How very analog of me. After I quit my job in network TV news, I used digital technology and social media to produce a documentary film five years ago, a sequel in 2008 — and leveraged that experience to head up a graduate program in digital media our of Seattle. Now I’m going to write a book. About storytelling. You may remember, “Once upon a time…”
This isn’t about bedtime stories (although we can draw a couple of lessons from them). It’s about how to apply the fundamentals of storytelling to a vastly changed media ecosystem. And why that can convince people to pay attention to us. (It also requires us to pay attention to them by the way.)
Here’s the model I’m trying to develop. By its very nature, I need to connect with you to make it work. Yes, yet another voice is calling out in the digital wilderness.
With all our digital communication platforms, from this one, to Facebook, Twitter, YouTube to e-mail and mobile technology, et. al. the barriers to entry to communication are low. And when I say “communication” I mean, the ability to reach people beyond our immediate social circle of friends and family. This kind of communication requires both content, and a digital distribution platform that takes it out of our social circle to people who don’t know us that well — if at all.
It’s wonderful, exciting, deeply disruptive to legacy media and other traditional institutions and profoundly democratic. But it’s also noisy, confusing, and cheap. Too cheap.
Television, magazines, newspapers — we once saw them as primary information providers because we knew if someone went through the expense and effort to collect, filter and distribute information, it might be worth our time and attention. And that “someone” usually was a brand-name institution that carried a certain amount of credibility.
Back then, the barriers to entry to mass media were high. You needed millions of dollars in capital to pay for the printing presses, satellite dishes, computers and cameras.
Today, a split-second decision to type a few words then click a mouse sends a thought into the public arena. Tell your friends to do the same thing and you’ve launched a campaign. Except that today, it might not carry the same weight because it’s just so easy to share. More voices may be more democratic, but they also bring more noise, and more competition for scarce attention spans.
So that has me asking two fundamental questions:
(1) How do we persuade someone to pay attention?
(2) How do we keep them engaged to that they actually want to participate in a transaction based on that communication? (i.e. to take action — Shirky’s Here Comes Everybody’s Holy Trinity of Sharing, Collaboration, and Collective Action).

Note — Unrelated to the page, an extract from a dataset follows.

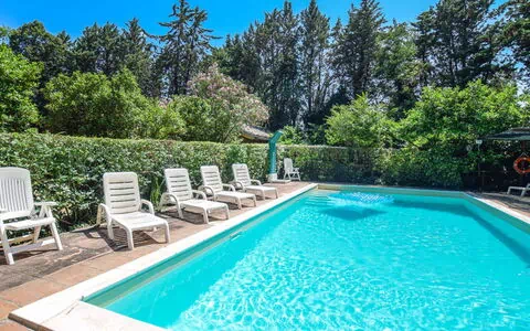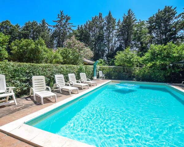 El jardín vallado de 1 hectárea proporciona privacidad completa y una verdadera experiencia de vida en el campo abierto. La piscina mide 5 x 10 metros con una profundidad de 140 cm y está disponible del 15 de mayo al 15 de octubre; cuenta con una ducha exterior. El mobiliario de jardín está distribuido en las áreas exteriores, creando espacios confortables para tomar el sol, leer o contemplar las vistas de los viñedos y campos. La propiedad dispone de una barbacoa y una casa de barbacoa dedicada para cenas al aire libre. Un parque infantil se encuentra dentro del jardín para el disfrute de los huéspedes más jóvenes.

My answer: you need to reach out to a particular group of people, then convince them of a value proposition.
So how do they calculate that value? How about:
– Is the information relevant to their lives? Does it have utility? Can they relate to it?
– Is it worth engaging in an ongoing relationship of mutual benefit with you? (this involves “effort” — second only to “attention” as a valuable currency today).
“Storytelling” helps resolve this value proposition. How? People will engage with stories to which they can relate and maybe even help make sense of their lives. That’s the heart of the traditional transaction between storyteller and audience.